Message-Id: <9404151530.AA03808@ulua.hal.com>
To: Keith Moore <moore@cs.utk.edu>
Subject: Re: URN and citations
In-Reply-To: Your message of "Thu, 14 Apr 1994 21:49:09 EDT."
<199404150149.VAA20425@wilma.cs.utk.edu>
Date: Fri, 15 Apr 1994 10:30:04 -0500
From: "Daniel W. Connolly" <connolly@hal.com>
In message <199404150149.VAA20425@wilma.cs.utk.edu>, Keith Moore writes:
>Karen writes...
>
>> I'm not going to include your whole message here but rather just
>> address the point you are making. The naming authority (for example
>> publisher of a book) will assign URNs. What algorithm that naming
>> authority uses for determining whether two resources are "the same"
>> and therefore should have the same URN or different and therefore
>> should have different URNs is purely a decision of that particular
>> naming authority.
>
>The problem with this argument is that whether or not two resources
>are "the same" differs depending on your purpose.
[Lots of good stuff deleted]
The other problem with this "naming authority decides on sameness"
strategy is that it doesn't allow resource migration, i.e. caching.
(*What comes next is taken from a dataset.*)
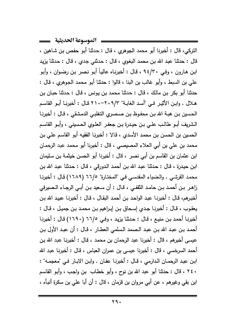 التركي، قال: أخبرنا أبو محمد الجوهري، قال: حدثنا أبو حفص بن شاهين، قال: حدثنا عبد اللَّه بن محمد البغوي، قال: حدثني جدي، قال: حدثنا يزيد ابن هارون، وفي ٣٠/ ٩٤، قال: أخبرناه عاليًا أبو نصر بن رضوان، وأبو علي بن السبط، وأبو غالب بن البنا، قالوا: حدثنا أبو محمد الجوهري، قال: حدثنا أبو بكر بن مالك، قال: حدثنا محمد بن يونس، قال: حدثنا حبان بن هلال. وابن الأثير في "أسد الغابة" ٣/ ٢٠٩ - ٢١٠ قال: أخبرنا أبو القاسم الحسين بن هبة اللَّه بن محفوظ بن صصري التغلبي الدمشقي، قال: أخبرنا الشريف أبو طالب علي بن حيدرة بن جعفر العلوي الحسيني، وأبو القاسم الحسين بن الحسن بن محمد الأسدي، قالا: أخبرنا الفقيه أبو القاسم علي بن محمد بن علي بن أبي العلاء المصيصي، قال: أخبرنا أبو محمد عبد الرحمان ابن عثمان بن القاسم بن أبي نصر، قال: أخبرنا أبو الحسن خيثمة بن سليمان ابن حيدرة، قال: حدثنا عبد اللَّه بن أحمد الدورقي، قال: حدثنا عبد اللَّه بن محمد القرشي. والضياء المقدسي في "المختارة" ٥/ ٦٦ (١٦٨٩) قال: أخبرنا زاهر بن أحمد بن حامد الثقفي، قال: أن سعيد بن أبي الرجاء الصيرفي أخبرهم، قال: أخبرنا عبد الواحد بن أحمد البقال، قال: أخبرنا عبيد اللَّه بن يعقوب، قال: أخبرنا جدي إسحاق بن إبراهيم بن محمد بن جميل، قال: أخبرنا أحمد بن منيع، قال: حدثنا يزيد، وفي ٥/ ٦٦ (١٦٩٠) قال: أخبرنا أحمد بن عبد اللَّه بن عبد الصمد السلمي العطار، قال: أن عبد الأول بن عيسى أخبرهم، قال: أخبرنا عبد الرحمان بن محمد، قال: أخبرنا عبد اللَّه بن أحمد السرخسي، قال: أخبرنا عيسى بن عمران العباس، قال: أخبرنا عبد اللَّه ابن عبد الرحمان الدارمي، قال: أخبرنا عفان. وابن الابار في "معجمه": ٢٤٠، قال: حدثنا أبو عبد اللَّه بن نوح، وأبو خطاب بن واجب، وأبو القاسم ابن بقي وغيرهم، عن أبي مروان بن قزمان، قال: أن أبا علي بن سكرة أنبأه،

If
the mapping from resource names to the objects they represent is not a
function (i.e. the same name maps to different objects) then a request
to resolve a resource name must go all the way to the naming authority
every time, since a cache can't tell whether it's copy is current or
not because there is no distributed notion of "current" because that
implies a distributed notion of "equal."
At least for a subset of the URN namespace, the mapping from names to
octet-streams should be a well-defined function; i.e. a single name
should not identify different octet-streams.
Dan
Daniel W. Connolly "We believe in the interconnectedness of all things"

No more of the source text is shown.